Due to the severe repercussions of coffee borer infestation, various control measures have been implemented. Buranapanitchaphan and Chanbang [4] introduced pheromone traps to attract and capture the pest, showing promising results in reducing populations of coffee berry borers. Still, biological control methods that utilize infectious fungi have become increasingly favored. Several entomopathogenic fungi, including Beauveria bassiana, have effectively managed coffee berry borers and other pests [5-7]. More recently, De La Rosa et al. [8] applied B. bassiana to control coffee berry borer infection, finding a spore density of 1×109 conidia/mL the most effective control. Another fungus species, Metarhizium anisopliae, has been formulated into a ready-to-use powder that was highly effective against the coconut rhinoceros beetle (Oryctes rhinoceros) [9].
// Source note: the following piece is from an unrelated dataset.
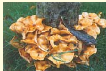
Armillaires au pied d'un pommier : l'arbre est condamné.
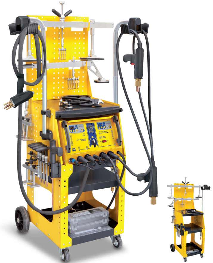
Ohne Ausbeulspotter Art.-Nr. 035058

Histopathology studies cellular and tissue changes that indicate animal health status and physiological responses [10-12]. Histopathological studies can elucidate the effects of fungal pathogens on the coleopterans. Bava et al. [11] initially observed degenerative changes in the Malpighian tubules of the corn planthopper, Peregrinus maidis, following exposure to B. bassiana and M. anisopliae. Duan et al. [12] then found that B. bassiana could penetrate the midgut of the colorado potato beetle, Leptinotarsa decemlineata, within 24 h, causing the degeneration and eventual death of integument. Ibrahim et al. [13] also noted histopathological alterations in the skin and hemocytes of Zeuzera pyrina larvae after a 3 - 4-day exposure to B. bassiana. However, there is still limited information about the histological dynamics of fungal invasion and host response, including the case of B. bassiana and the coffee berry borer.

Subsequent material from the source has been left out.